Django 1.6's Collation and Umlauts

2014-06-24 | #django, #python, #solution, #webdev

By default Django 1.6 uses "utf8_general_ci" as its table collation.

Mostly, this seems like a good choice, but has one ugly caveat when dealing with umlauts such as üäöÜÄÖß:

These are treated equally to uaoUAO in the sort order, which is fine, but also treated equally for LIKE-queries, which can be utter bullcrap. Searching for "gööd" on those tables using "__contains" results in found entries containing "good" for example and vice versa.

Ugh.

There are two solutions for this:

Use a "bin"-collation, discarding all character interpretation, which could bring sorting problems and will definitively make all queries case senstive by default. I guess Django would treat this python-wise, which is fine but slow.
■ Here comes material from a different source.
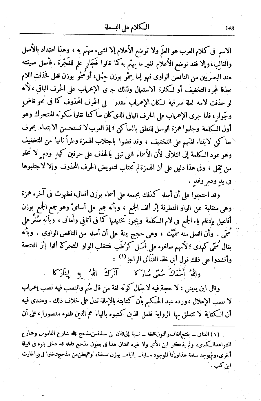 وَقَدِ احْتَجُّوا عَلَى أَنَّ أَصْلَهُ كَذَلِكَ بِجَمْعِهِ عَلَى أَسْمَاءٍ بِوَزْنِ أَفْعَالٍ، فَظَهَرَتْ فِي آخِرِهِ هَمْزَةٌ وَهِيَ مُنْقَلِبَةٌ عَنِ الْوَاوِ الْمُتَطَرِّفَةِ إِثْرَ أَلِفِ الْجَمْعِ، وَبِأَنَّهُ جُمِعَ عَلَى أَسَامِي وَهُوَ جَمْعُ الْجَمْعِ بِوَزْنِ أَفَاعِيلَ بِإِدْغَامِ يَاءِ الْجَمْعِ فِي لَامِ الْكَلِمَةِ وَيَجُوزُ تَخْفِيفُهَا كَمَا فِي أَثَافِي وَأَمَانِي، وَبِأَنَّهُ صُغِّرَ عَلَى سُمَيٍّ. وَأَنَّ الْفِعْلَ مِنْهُ سَمَّيْتُ، وَهِيَ حُجَجٌ بَيِّنَةٌ عَلَى أَنَّ أَصْلَهُ مِنَ النَّاقِصِ الْوَاوِيِّ. وَبِأَنَّهُ يُقَالُ سُمًى كَهُدًى لِأَنَّهُمْ صَاغُوهُ عَلَى فِعْلٍ كَرَطُبَ فَتَنْقَلِبُ الْوَاوُ الْمُتَحَرِّكَةُ أَلِفًا إِثْرَ الْفَتْحَةِ وَأَنْشَدُوا عَلَى ذَلِكَ قَوْلَ أَبِي خَالِدٍ الْقَنَانِيِّ الرَّاجِزِ (¬1) :

Build your queries using "__regex" and "__iregex", which explicitely differentiates Umlauts and their base characters. You could also replace "__startswith" and "__endswith" respectively by adding "^" or "$" to the beginning and or end of your search string. If you use regex always be sure to mask user input for regex use and be aware of one problem here: regex does not, by default, know that there is a corresponding small "ä" to a big "Ä". You can solve this by using lowercased search fields or could try to bring in a fitting locale here, but I'm not certain what to do on international pages. So my suggestion is to accept case-sensitivity for unicode-range characters or explicitely build a search blob for searchable entries on save.